アメブロの みらあじゅ さんから教わった、2つの「蘇州夜曲」。
(但し、李香蘭のほうは、みらあじゅさんがお貼りになったものは削除されてしまったようなので、同録音の別動画です。)
李香蘭のヴァージョンは、オケの和声が、半音階的進行を多く含んで、陶酔的に美しいですね!
上野耕路のオーケストレイションもこれに準拠してますね。
というのは、私が知ってたのは、渡辺はま子、霧島昇のヴァージョンなのです。
こちらのオケは、ヴォイシングがずっと素直で単純かもですが、各コーラス歌い終わりと間奏終わりがドミナントの増三和音なのが、わたし的に重要な音楽の瞬間です。チェレスタとピアノを重ねたみたいな音色のアルペジオで「ポロロン」と示される。夢の世界に持ってゆかれるきっかけの合図です。
映画『支那の夜』(1940年6月公開)の劇中歌として主演の李香蘭(山口淑子)が歌う。
同年8月発売のレコードでは、渡辺はま子、霧島昇が歌う。服部専属のコロムビアからのリリースなので、コロムビア所属の渡辺、霧島が歌った、ということのようです。
1953年、山口淑子歌唱のレコードが、自身主演の映画『抱擁』の主題歌として発売されます。
↑に貼った李香蘭(山口淑子)は1953年のものの筈です。1940年『支那の夜』中の、「蘇州夜曲」が歌われるシーンもつべに上がっていますが、「半音階的進行を多く含む」オケにはなっていません。

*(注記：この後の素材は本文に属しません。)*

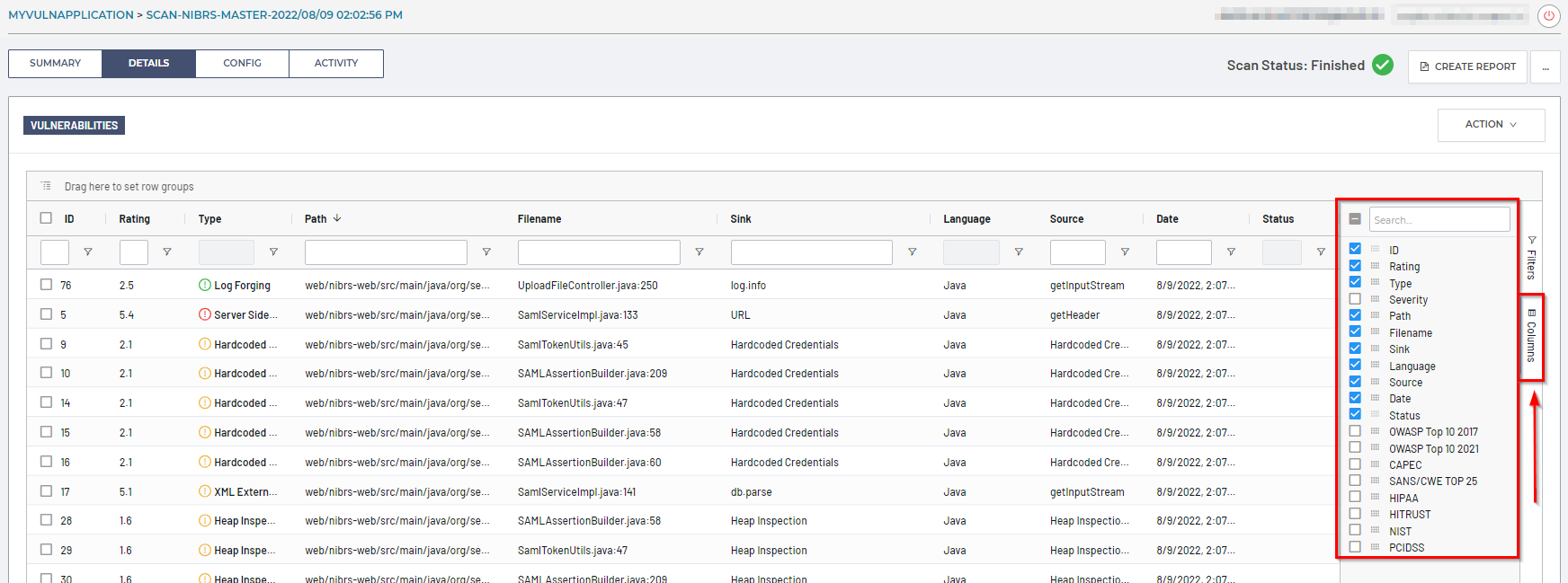 To show or hide columns within the scan’s Details table, click on the Columns option on the right side of the table:

実家には、服部良一作曲の63曲を収めた3枚組 CD があり、これに渡辺はま子、霧島昇の「蘇州夜曲」が入っていました。
歌謡曲では他に、笠置シヅ子の2枚組 LP がありました。「オリジナル盤による懐かしの針音」というシリーズの1点でした。LP 時代に、SP を知る世代が「針音」=スクラッチ・ノイズを「懐かしい」ものとして積極評価する感覚があったことになります。音楽「作品」の正しい再生、正しい理解を目指す立場からは容認しがたい逸脱ですが、メディア自体のもつ質感が価値を帯びる、という事態はどこにでもふつうに起きます。
聴き手パーソナルの思い出と結び付く「懐かしさ」 を持ち出さなくとも、ノイズを「聴く」対象にしそこに「美」を見出すことは有り得る。これも、作品理解とは別の「音楽的」で「積極的」な営みです。
最近の若い方が、LP の「パチパチ音」を「温かい」と感じる、と仰ってるのを目にしました。それがどういう感覚を言ったものか、また一般にどのくらい共有されてる感じ方か、判りませんが、時代への郷愁という意味での「懐かしさ」では有り得ません。
上野耕路の頭の中ではオーケストラで音楽が発想されてるだろうから、ゲルニカの 1st.アルバム『改造への躍動』でのシンセは「代替」だし、表現の制約がありますが、それにはそれの質感があって、魅力があります。そこは上野自身も楽しんだ筈です。
2nd. アルバム『新世紀への運河』以降生オケを使ってようやく、意図が正しく実現できた、のは確かですが。